Soylu, temel sorumluluklarının özgürlük ve demokrasi alanlarını korumak olduğunu vurgulayarak şunları kaydetti:
"Güvenlik, bu alanın güvenliğidir. Çünkü millet bu alanın içindedir. Bu milletin ifade özgürlüğü, iradesini kullanma özgürlüğü, huzur içinde yaşama özgürlüğü, bizim sorumluluğumuzdadır ve hiçbir grubun, yapının burayı taciz etmesine müsaade edemeyiz. Geçen bir eylem yaşandı bir ilimizde. Bağırtı egzozları varmış, biz bunlara ceza kesiyormuşuz. Herhalde yanlış yapıyoruz. Gecenin saat 1'inde bağırtarak gezecek, biz de aval aval bakacağız. Özgürlükler de kural içindedir. Başkalarının özgürlüğünü hayatını kısıtlamamak üzerindedir.
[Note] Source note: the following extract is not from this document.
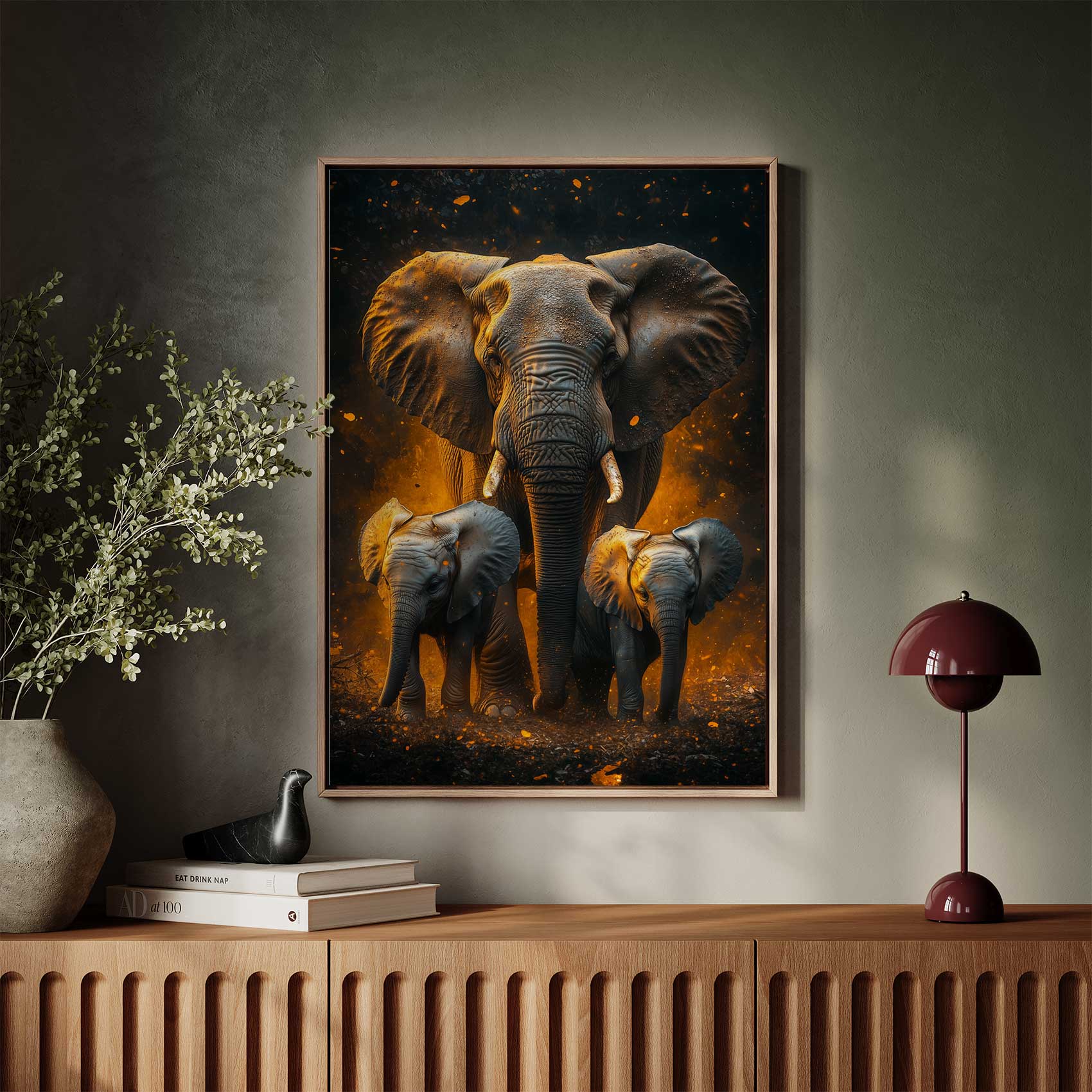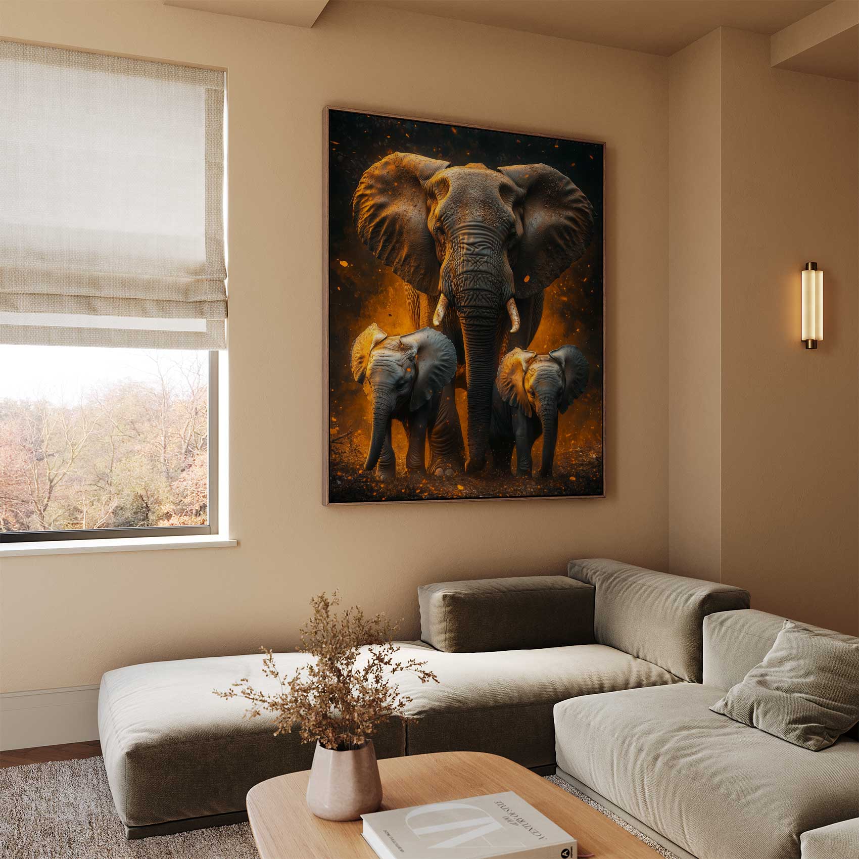 Majestueuze olifant in oranje
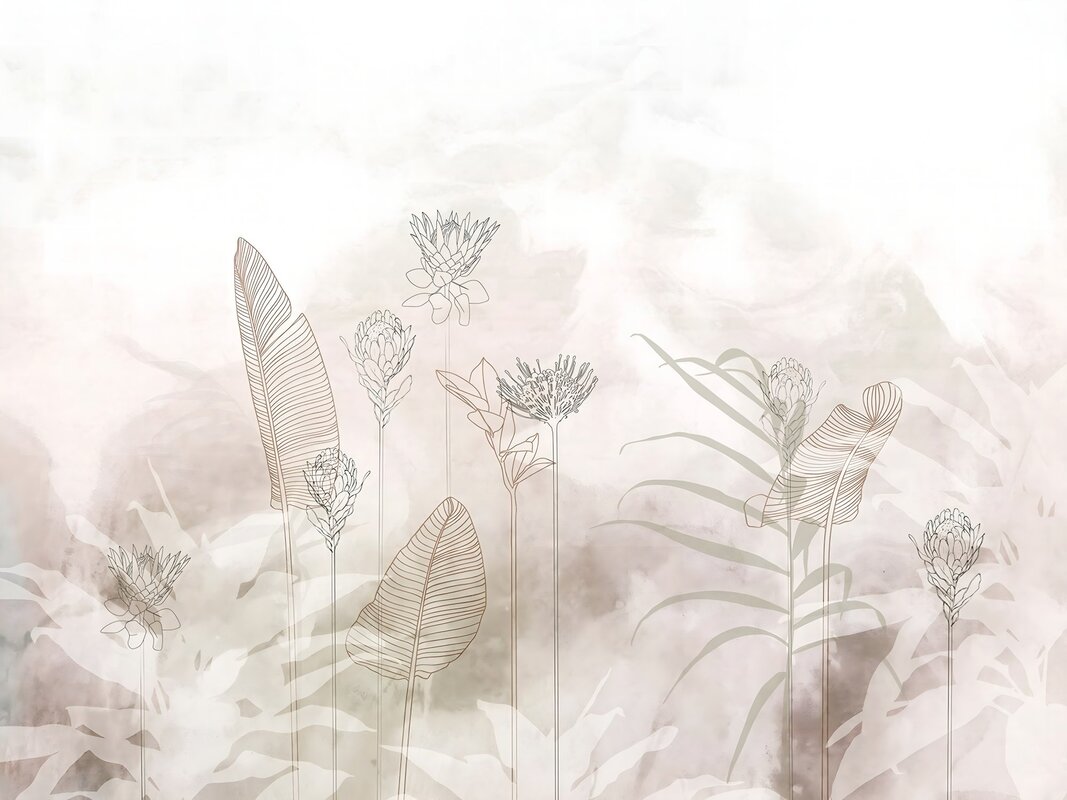 Papier peint : Feuilles et fleurs délicates sur fond aquarelle

Temel bir rehberimiz var, o da hukuktur. Hukuk dışında hiçbir işimiz yoktur ve olmayacaktır. Son dönemlerde bir karar daha çıktı. Neymiş 15 Temmuz'da işkence yapılmış. Bu kararı verenlere söylüyorum, 15 Temmuz'da bu millete işkence yapılmıştır. Bu kararın altına imza atanlara tekrar hatırlatıyorum 15 Temmuz'da bu millete işkence yapılmıştır. Nereden okuduğunuzu, nasıl yorumladığınızı biliyor değilim ama benim onlara ufak tavsiyem var, Batı'yı tapınak haline getirmeyin, yanılırsınız. Oraya öykünmeyin, yanılırsınız. Bu söylediğimin ne anlama geldiğini iyi takip edenler iyi bilirler."